Here is some of my arrowheads and pottery.  I have been collecting indian artifacts since I was a kid, just started getting back into it by taking my kids out looking.   If any of you are arrowhead gurus, tell me if any of these are rare?


----------



## Son (Mar 23, 2006)

*points and pottery*

Nothing rare, but you do have a few nice points there! Looks typical of what's found in S Al., N. Fl. and SW Ga.


----------



## Al White (Mar 23, 2006)

Thanks Son,
I didn't know what that one on the top row, second from the far right was.  It looks like an indian made it for something though?
Al


----------



## bull0ne (Mar 23, 2006)

Al White said:
			
		

> Thanks Son,
> I didn't know what that one on the top row, second from the far right was.  It looks like an indian made it for something though?
> Al



Looks  like it could have been a type of drill point.

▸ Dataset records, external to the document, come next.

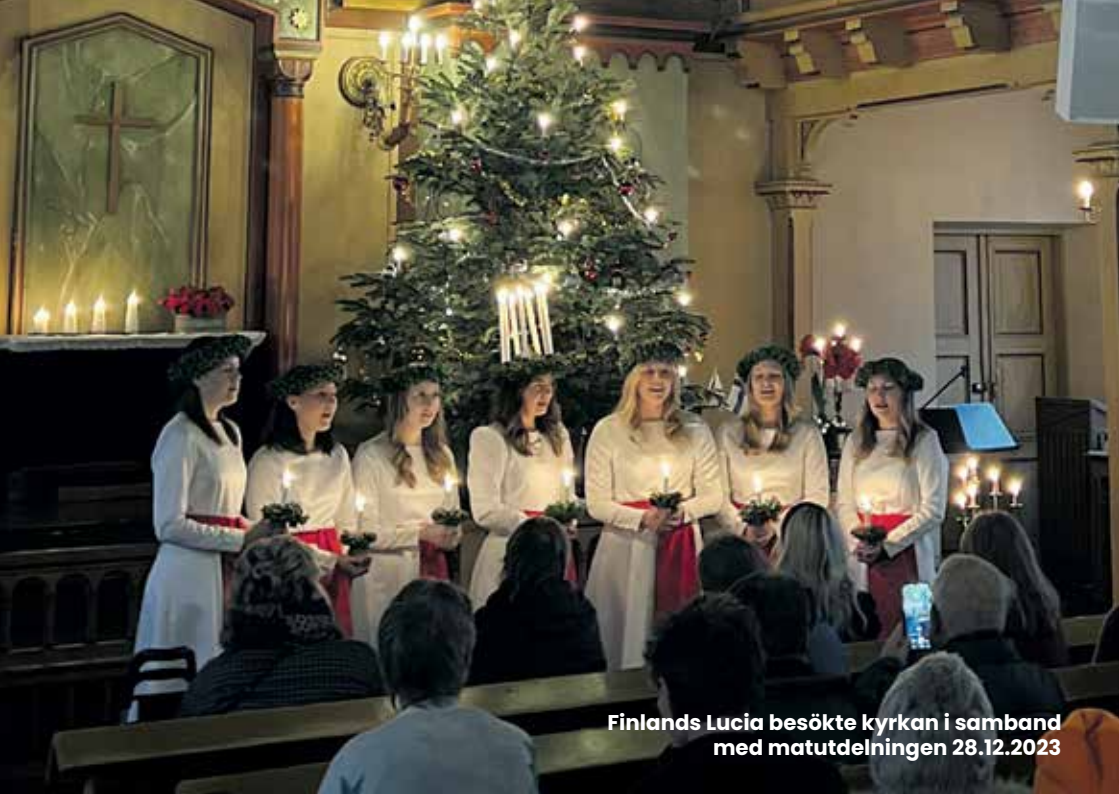
Finlands Lucia besökte kyrkan i samband med matutdelningen 28.12.2023
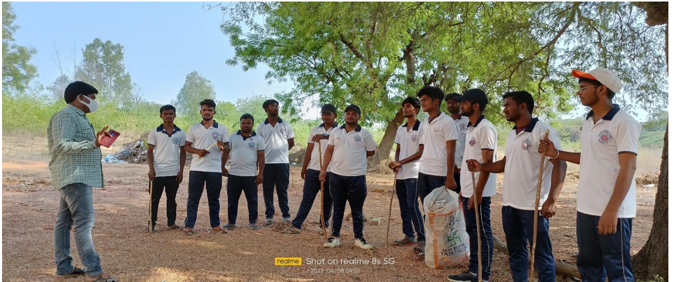
Instructions by Programme Officer R. Nagaraja Chary to Volunteers about Field Work
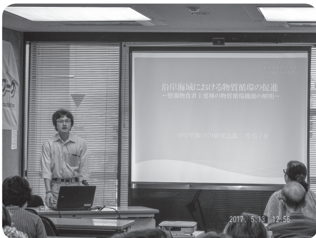
里海づくり研究会議
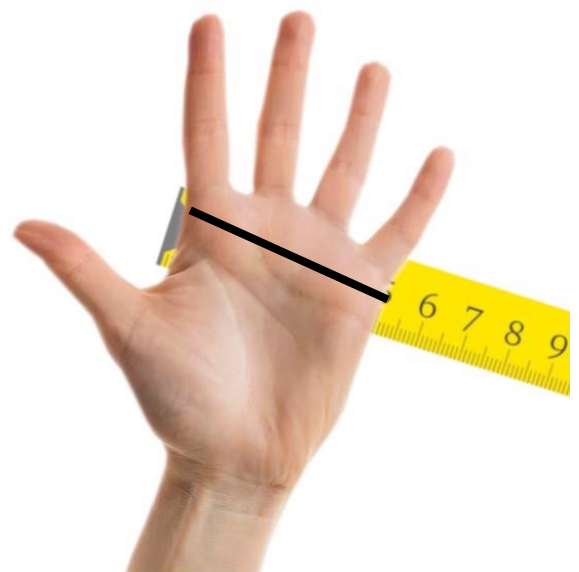
Posizionare il metro solo sopra le nocche
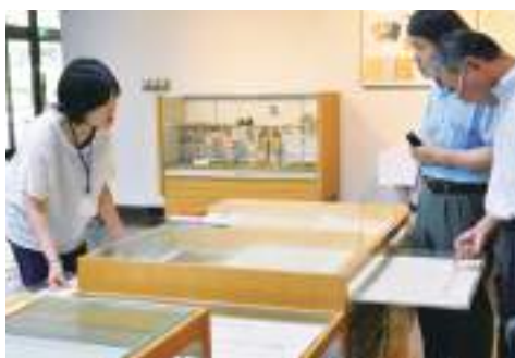
色んな産地の和紙が揃えられている和紙の標本コーナー（現在入替中）
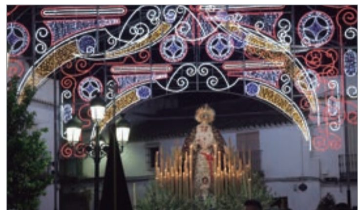
El Ayuntamiento adornó las calles con arcos luminosos.

If you look up a thread started by Delton you'll see some points i found that appear to have been made from the same type of flint as the red ones in your collection.......nice points!


----------



## Nicodemus (Mar 23, 2006)

I agree on the drill. Nice collection, and a good assortment of raw and heat-treated stone too.


----------



## Augie (Mar 23, 2006)

Nice points and shards! And a great hobby to get the kids into.


----------



## Hunk (Mar 27, 2006)

I've found a good dozen or so, and 1 big piece of pottery. Not really looking just finding them here and there. I seem to find them mostly around creeks and where roads or a bulldozer has done some work near a creek. Found one on my Macon county turkey lease my first day out there which was cool as heck. May be a chipping site as I found a lot of little chips. Anyone know of a good book on where to find, how to search, etc? They planted some pines on our heard county property, I found one this year near our powerline where the powerline was cut into the hillside... but would love to read up on it. ***


----------



## Augie (Mar 27, 2006)

Hunk said:
			
		

> I've found a good dozen or so, and 1 big piece of pottery. Not really looking just finding them here and there. I seem to find them mostly around creeks and where roads or a bulldozer has done some work near a creek. Found one on my Macon county turkey lease my first day out there which was cool as heck. May be a chipping site as I found a lot of little chips. Anyone know of a good book on where to find, how to search, etc? They planted some pines on our heard county property, I found one this year near our powerline where the powerline was cut into the hillside... but would love to read up on it. ***



Try this website,http://www.artifactsguide.com/
Click on the forum there, join up and you'll have the best of the best in the south east US to help you learn all you want to know.
http://www.artifactsguide.com/discus/index.html


----------



## Cleankill47 (Mar 29, 2006)

The one in the top picture, on the bottom, at the end far right, the way it is flaked on the left side and flat on top actually resembles a hand scraper or small knife rather than an arrowhead. Don't forget that the native peoples made a lot more than arrowheads out of rock... Just thought I'd throw that out there.


----------